温暖化と共存するに不可欠な航路だが、課題もまだ多い

山内正敏 地球太陽系科学者、スウェーデン国立スペース物理研究所研究員

 国連の下部組織である国際海事機関(International Maritime Ornanization:IMO)が、極域航路での国際基準を定めるPolar Codeを採択した。これは北極海(北大西洋を除く北緯60度以北の海域)と南極海(南緯60度以南)を利用する船舶の安全確保と、航行に伴う環境への影響を最小限にするためのものだ。具体的には、「1974年の海上における人命安全のための国際条約」(SOLAS条約)と「1973年の船舶による汚染の防止のための国際条約に関する1978年の議定書」(MARPOL条約)を改正する形で基準が定められ、2017年から施行する。

 この条約が必要となった背景には、北極海航路が商業的に成り立ちうる時代がすぐそこまで来ていることがある。

拡大北極圏航路には、シベリア沖を通る北海航路(赤線)の他にアラスカ・カナダ沖を通る北西航路(橙線)がある。
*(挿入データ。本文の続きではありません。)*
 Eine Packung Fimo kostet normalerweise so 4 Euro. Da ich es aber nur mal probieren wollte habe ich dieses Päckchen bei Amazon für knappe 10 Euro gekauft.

赤の点線はロシアのヤマル半島でガス開発に伴う航路。従来の南回り航路(スエズ運河)は青線で示す。

 北極海の海氷は毎年夏に融けて9月に最小となる。その時期には昔でも砕氷船さえあれば欧州からベーリング海峡まで航行できた。実際、1930年代には旧ソ連の砕氷船が一夏で北極海沿岸を航行しきっている(それ以前は2年がかりだった)。しかし、砕氷コストがかかり、かつ夏場しか使えない北極海航路は、ソ連崩壊と共に寂れてしまった。それを変えたのが地球温暖化による夏の海氷の減少だ。

 北極海の夏場の海氷は衛星データのある1979年以降、年ごとの増減はあるものの、10年単位でみたら一貫して減少している。特に1990年代にはシベリア沖の氷が大きく減少して、2000年代には短い期間ながらも欧州からベーリング海峡まで海が開く事態すら起こるようになった。海氷の減少は、温室効果に伴う温暖化予測をはるかに超える速度で進んでおり、温暖化予測では今世紀末までありえなかったはずの北極海航路の経済的利用が、シベリア沖経路でもカナダ沖経路でも10年以内に可能になると予想されるようになった。
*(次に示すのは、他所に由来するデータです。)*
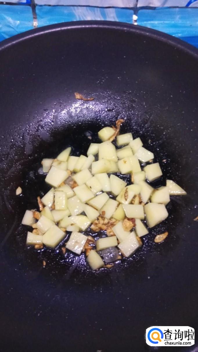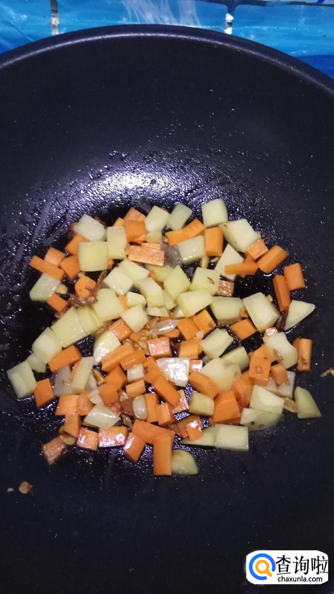 再将胡萝卜块儿倒入锅中,与土豆一起翻炒均匀。

 変化の様子は日米欧の人工衛星でモニターされており、詳しい変化は極地研究所のサイト気象庁のサイトでプロットできるが、それによると、2005年の9月には確かにシベリア沿岸の海が完全に開いている。そして2010年代は短い期間ながらも毎年航路が開くようになった。

 この航路を使うと、日本から中欧への航行距離が今までのスエズ運河経由21000 km(約40日)から 13000 km(約20日)へと大幅に短縮する。そればかりか、海賊の多い地域や地域紛争の多い地域を避けることができるので、実は大航海時代から模索され続けた航路でもある。

 そういう意味で朗報なだけでなく、今まで寒地として、ともすれば首都の連中から見下されてきた北極圏各地にとっては、物流の中心になりうるというメリットまであるのだ。地球温暖化が原因なのがすっきりしない人も多いだろうが、単純に温暖化を悪と見なす二元論では世の中は回らないのである。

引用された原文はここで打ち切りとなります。